Recorded data:
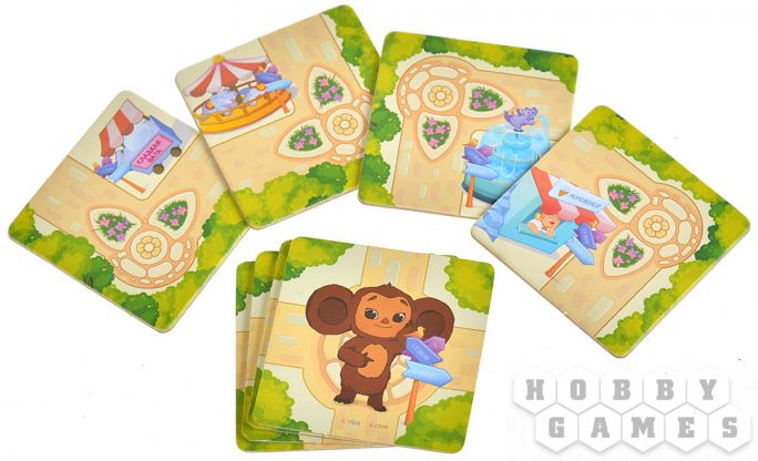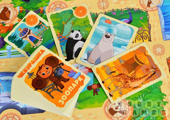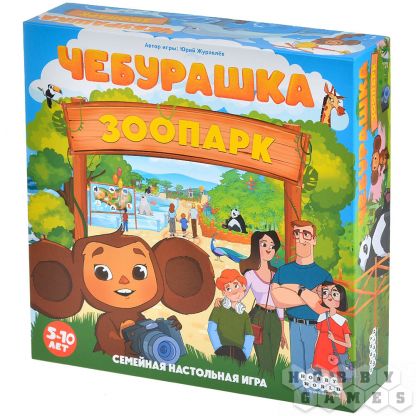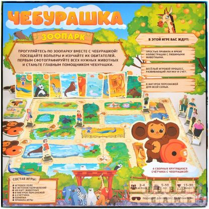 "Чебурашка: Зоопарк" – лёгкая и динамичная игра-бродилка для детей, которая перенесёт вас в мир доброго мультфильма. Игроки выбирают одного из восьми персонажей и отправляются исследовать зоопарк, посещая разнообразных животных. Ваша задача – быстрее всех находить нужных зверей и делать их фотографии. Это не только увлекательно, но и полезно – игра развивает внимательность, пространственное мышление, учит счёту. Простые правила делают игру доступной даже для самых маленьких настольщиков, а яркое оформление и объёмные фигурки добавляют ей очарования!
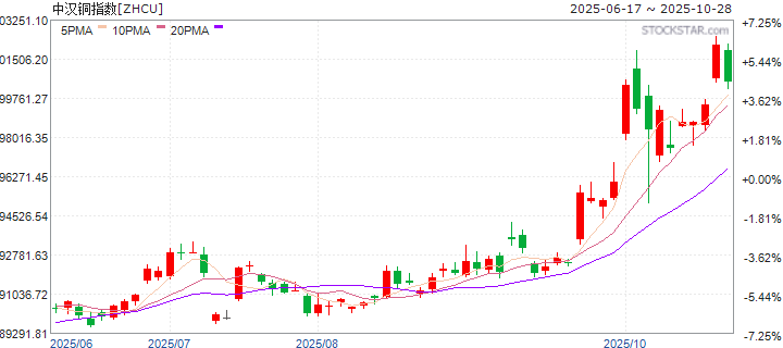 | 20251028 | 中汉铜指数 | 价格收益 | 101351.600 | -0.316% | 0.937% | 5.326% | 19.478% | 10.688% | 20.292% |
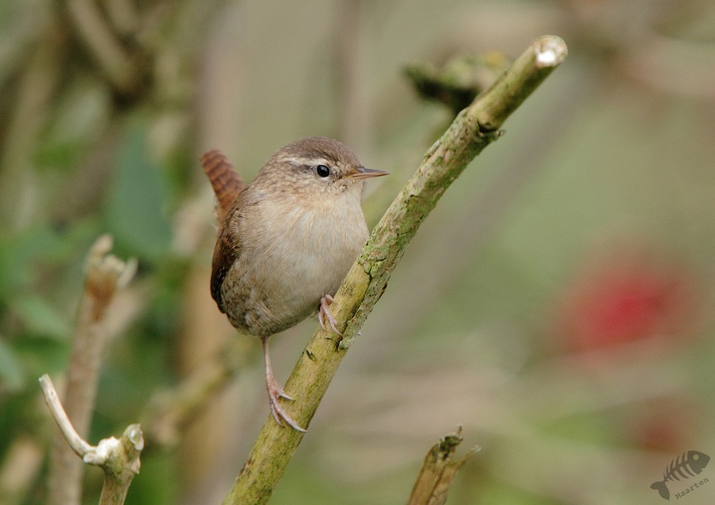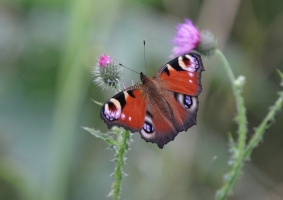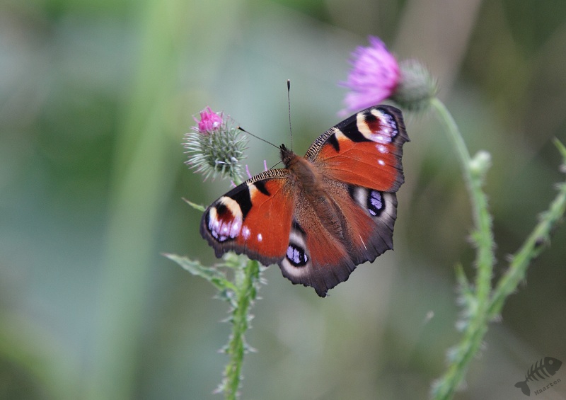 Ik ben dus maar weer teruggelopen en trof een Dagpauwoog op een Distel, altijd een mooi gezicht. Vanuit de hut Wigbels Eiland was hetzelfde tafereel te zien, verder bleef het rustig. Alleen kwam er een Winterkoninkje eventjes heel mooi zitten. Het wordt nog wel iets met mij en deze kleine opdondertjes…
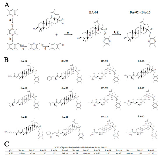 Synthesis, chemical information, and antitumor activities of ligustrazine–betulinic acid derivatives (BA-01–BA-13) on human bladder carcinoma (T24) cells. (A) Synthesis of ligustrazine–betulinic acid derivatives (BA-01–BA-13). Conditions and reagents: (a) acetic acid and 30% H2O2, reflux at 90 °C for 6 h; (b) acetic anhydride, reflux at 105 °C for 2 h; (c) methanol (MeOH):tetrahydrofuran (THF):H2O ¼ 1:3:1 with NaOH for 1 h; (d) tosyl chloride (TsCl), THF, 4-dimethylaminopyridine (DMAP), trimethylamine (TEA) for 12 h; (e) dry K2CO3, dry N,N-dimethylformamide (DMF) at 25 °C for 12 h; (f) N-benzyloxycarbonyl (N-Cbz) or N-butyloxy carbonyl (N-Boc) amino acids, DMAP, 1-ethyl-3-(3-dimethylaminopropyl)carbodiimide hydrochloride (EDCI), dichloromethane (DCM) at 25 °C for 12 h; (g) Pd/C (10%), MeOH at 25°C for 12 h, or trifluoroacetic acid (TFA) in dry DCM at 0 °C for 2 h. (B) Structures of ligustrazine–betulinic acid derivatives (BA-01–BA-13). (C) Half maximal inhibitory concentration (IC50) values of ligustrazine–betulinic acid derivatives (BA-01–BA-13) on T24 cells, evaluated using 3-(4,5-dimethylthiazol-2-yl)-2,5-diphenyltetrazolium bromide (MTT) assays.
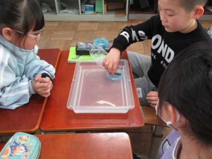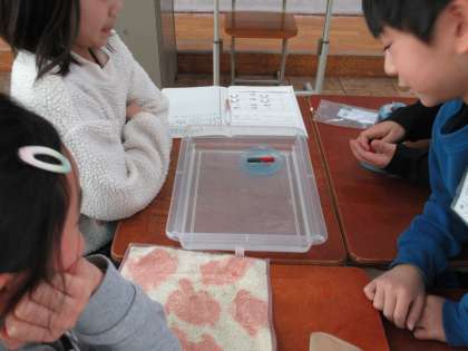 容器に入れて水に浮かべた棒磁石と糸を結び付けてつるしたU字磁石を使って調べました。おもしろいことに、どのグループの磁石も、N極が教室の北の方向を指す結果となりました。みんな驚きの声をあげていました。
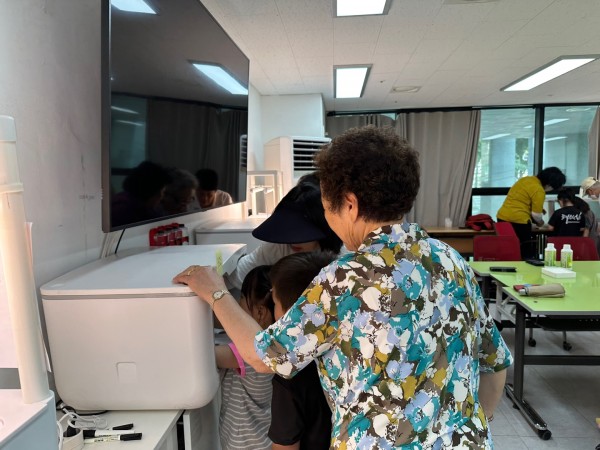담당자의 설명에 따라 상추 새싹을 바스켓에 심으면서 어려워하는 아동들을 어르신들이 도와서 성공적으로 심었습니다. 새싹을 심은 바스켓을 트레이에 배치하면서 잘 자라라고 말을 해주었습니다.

## PROMPT
From the first line to the last, repeat the records exactly, leaving out the pictures.

## SOLUTION FOR THIS PROBLEM
 "Чебурашка: Зоопарк" – лёгкая и динамичная игра-бродилка для детей, которая перенесёт вас в мир доброго мультфильма. Игроки выбирают одного из восьми персонажей и отправляются исследовать зоопарк, посещая разнообразных животных. Ваша задача – быстрее всех находить нужных зверей и делать их фотографии. Это не только увлекательно, но и полезно – игра развивает внимательность, пространственное мышление, учит счёту. Простые правила делают игру доступной даже для самых маленьких настольщиков, а яркое оформление и объёмные фигурки добавляют ей очарования!
 | 20251028 | 中汉铜指数 | 价格收益 | 101351.600 | -0.316% | 0.937% | 5.326% | 19.478% | 10.688% | 20.292% |
 Ik ben dus maar weer teruggelopen en trof een Dagpauwoog op een Distel, altijd een mooi gezicht. Vanuit de hut Wigbels Eiland was hetzelfde tafereel te zien, verder bleef het rustig. Alleen kwam er een Winterkoninkje eventjes heel mooi zitten. Het wordt nog wel iets met mij en deze kleine opdondertjes…
 Synthesis, chemical information, and antitumor activities of ligustrazine–betulinic acid derivatives (BA-01–BA-13) on human bladder carcinoma (T24) cells. (A) Synthesis of ligustrazine–betulinic acid derivatives (BA-01–BA-13). Conditions and reagents: (a) acetic acid and 30% H2O2, reflux at 90 °C for 6 h; (b) acetic anhydride, reflux at 105 °C for 2 h; (c) methanol (MeOH):tetrahydrofuran (THF):H2O ¼ 1:3:1 with NaOH for 1 h; (d) tosyl chloride (TsCl), THF, 4-dimethylaminopyridine (DMAP), trimethylamine (TEA) for 12 h; (e) dry K2CO3, dry N,N-dimethylformamide (DMF) at 25 °C for 12 h; (f) N-benzyloxycarbonyl (N-Cbz) or N-butyloxy carbonyl (N-Boc) amino acids, DMAP, 1-ethyl-3-(3-dimethylaminopropyl)carbodiimide hydrochloride (EDCI), dichloromethane (DCM) at 25 °C for 12 h; (g) Pd/C (10%), MeOH at 25°C for 12 h, or trifluoroacetic acid (TFA) in dry DCM at 0 °C for 2 h. (B) Structures of ligustrazine–betulinic acid derivatives (BA-01–BA-13). (C) Half maximal inhibitory concentration (IC50) values of ligustrazine–betulinic acid derivatives (BA-01–BA-13) on T24 cells, evaluated using 3-(4,5-dimethylthiazol-2-yl)-2,5-diphenyltetrazolium bromide (MTT) assays.
 容器に入れて水に浮かべた棒磁石と糸を結び付けてつるしたU字磁石を使って調べました。おもしろいことに、どのグループの磁石も、N極が教室の北の方向を指す結果となりました。みんな驚きの声をあげていました。
담당자의 설명에 따라 상추 새싹을 바스켓에 심으면서 어려워하는 아동들을 어르신들이 도와서 성공적으로 심었습니다. 새싹을 심은 바스켓을 트레이에 배치하면서 잘 자라라고 말을 해주었습니다.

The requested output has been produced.